- Coordinates: 27°58′13″N 97°24′11″W﻿ / ﻿27.97028°N 97.40306°W
- Country: United States
- State: Texas
- County: San Patricio

Area
- • Total: 0.62 sq mi (1.6 km^{2})
- • Land: 0.62 sq mi (1.6 km^{2})
- • Water: 0 sq mi (0.0 km^{2})

Population (2020)
- • Total: 1,296
- • Density: 2,100/sq mi (810/km^{2})
- Time zone: UTC-6 (Central (CST))
- • Summer (DST): UTC-5 (CDT)
- Zip Code: 78390
- FIPS code: 48-71696

= Taft Southwest, Texas =

Taft Southwest is a census-designated place (CDP) in San Patricio County, Texas, United States. The population was 1,296 at the 2020 census.

==Geography==
Taft Southwest is located at (27.970392, -97.403156).

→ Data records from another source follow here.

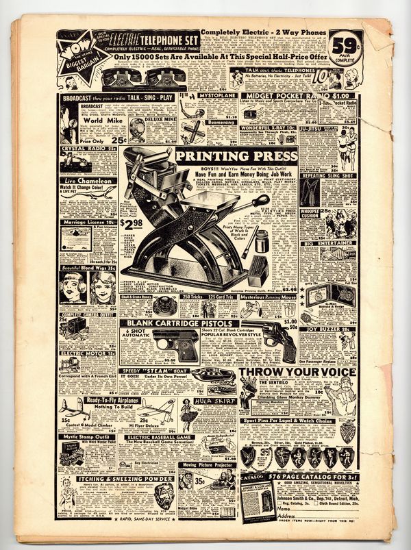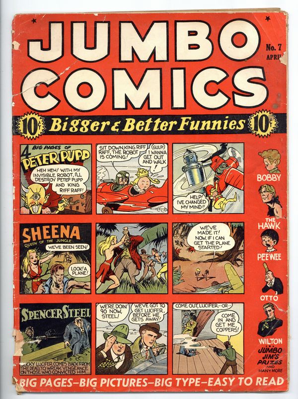 Cover by Will Eisner. Edited by Malcolm Reiss, Jerry Iger and Will Eisner. Stories and art by Will Eisner, Jerry Iger, Donald DeConn, Les Marshall, Lou Fine, Ed Laughlin, Mort Meskin, Bernard Baily, Dick Briefer, and Bob Kane. An influential anthology starring jungle hero Sheena, featuring early art by legendary comics artists in the Eisner-Iger Shop. Peter Pupp and King Riff Raff battle a giant invisible robot; Spencer Steel tries to halt Lucky Lucifer's deadly vendetta against those who crossed him; Sheena and Bob must fight their way to a plane and civilization. Peter Pupp; Hawks of the Seas; Bobby; Puzzle Phun; The Count of Monte Cristo; Spencer Steel; The Diary of Dr. Hayward; Uncle Otto; News Facts; Jest Laffs; Pee Wee; Sheena, Queen of the Jungle; Modern Planes and Model Building; Gilda Gay; Ken Hammond; The Hunchback of Notre Dame; The Adventures of Tom Sherrill; ZX-5 Spies In Action; Heroes of Sport; Stars on Parade; Inspector Dayton; Wilton of the West. 10 1/2-in. x 14 1/2-in., 30 pages, B&W. Cover price $0.10.
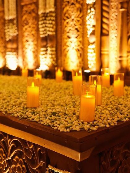 We specialize in creating wedding experiences that beautifully blend traditional elements with modern aesthetics. Our expertise includes incorporating cultural symbols like Lord Ganesha statues crafted from ghungroos and designing regal South Indian weddings.
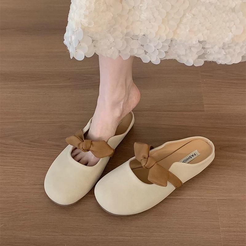 Баотоу полутапочки женские для улицы 2025 новый летний взрыв французский сказочный стиль бант мягкая подошва сандалии для беременных

According to the United States Census Bureau, the CDP has a total area of 0.6 square mile (1.6 km^{2}), all land.

==Demographics==

Taft Southwest first appeared as an unincorporated community in the 1960 U.S. census; and a census designated place in the 1980 United States census.

Historical population
| Census | Pop. | Note | %± |
| 1960 | 1,927 |  | — |
| 1970 | 2,026 |  | 5.1% |
| 1980 | 2,133 |  | 5.3% |
| 2000 | 1,721 |  | — |
| 2010 | 1,460 |  | −15.2% |
| 2020 | 1,296 |  | −11.2% |
U.S. Decennial Census 1850–1900 1910 1920 1930 1940 1950 1960 1970 1980 1990 2000 2010 2020

===2020 census===

Taft Southwest CDP, Texas – Racial and ethnic composition Note: the US Census treats Hispanic/Latino as an ethnic category. This table excludes Latinos from the racial categories and assigns them to a separate category. Hispanics/Latinos may be of any race.
| Race / Ethnicity (NH = Non-Hispanic) | Pop 2000 | Pop 2010 | Pop 2020 | % 2000 | % 2010 | % 2020 |
|---|---|---|---|---|---|---|
| White alone (NH) | 46 | 54 | 56 | 2.67% | 3.70% | 4.32% |
| Black or African American alone (NH) | 1 | 6 | 6 | 0.06% | 0.41% | 0.46% |
| Native American or Alaska Native alone (NH) | 1 | 5 | 0 | 0.06% | 0.34% | 0.00% |
| Asian alone (NH) | 0 | 0 | 1 | 0.00% | 0.00% | 0.08% |
| Native Hawaiian or Pacific Islander alone (NH) | 0 | 0 | 0 | 0.00% | 0.00% | 0.00% |
| Other race alone (NH) | 0 | 0 | 4 | 0.00% | 0.00% | 0.31% |
| Mixed race or Multiracial (NH) | 2 | 1 | 6 | 0.12% | 0.07% | 0.46% |
| Hispanic or Latino (any race) | 1,671 | 1,394 | 1,223 | 97.09% | 95.48% | 94.37% |
| Total | 1,721 | 1,460 | 1,296 | 100.00% | 100.00% | 100.00% |

===2000 census===
As of the census of 2000, there were 1,721 people, 477 households, and 392 families residing in the CDP. The population density was 2,845.2 PD/sqmi. There were 532 housing units at an average density of 879.5 /sqmi. The racial makeup of the CDP was 69.26% White, 0.06% African American, 0.17% Native American, 0.17% Pacific Islander, 26.73% from other races, and 3.60% from two or more races. Hispanic or Latino of any race were 97.09% of the population.

There were 477 households, out of which 38.6% had children under the age of 18 living with them, 56.4% were married couples living together, 19.5% had a female householder with no husband present, and 17.8% were non-families. 16.1% of all households were made up of individuals, and 9.2% had someone living alone who was 65 years of age or older. The average household size was 3.61 and the average family size was 4.08.

In the CDP the population was spread out, with 33.5% under the age of 18, 10.8% from 18 to 24, 23.9% from 25 to 44, 19.7% from 45 to 64, and 12.1% who were 65 years of age or older. The median age was 30 years. For every 100 females, there were 102.2 males. For every 100 females age 18 and over, there were 95.1 males.

The median income for a household in the CDP was $22,179, and the median income for a family was $24,250. Males had a median income of $22,279 versus $12,143 for females. The per capita income for the CDP was $8,813. About 30.5% of families and 34.3% of the population were below the poverty line, including 40.7% of those under age 18 and 39.5% of those age 65 or over.

==Education==
Taft Southwest is served by the Taft Independent School District.

Del Mar College is the designated community college for all of San Patricio County.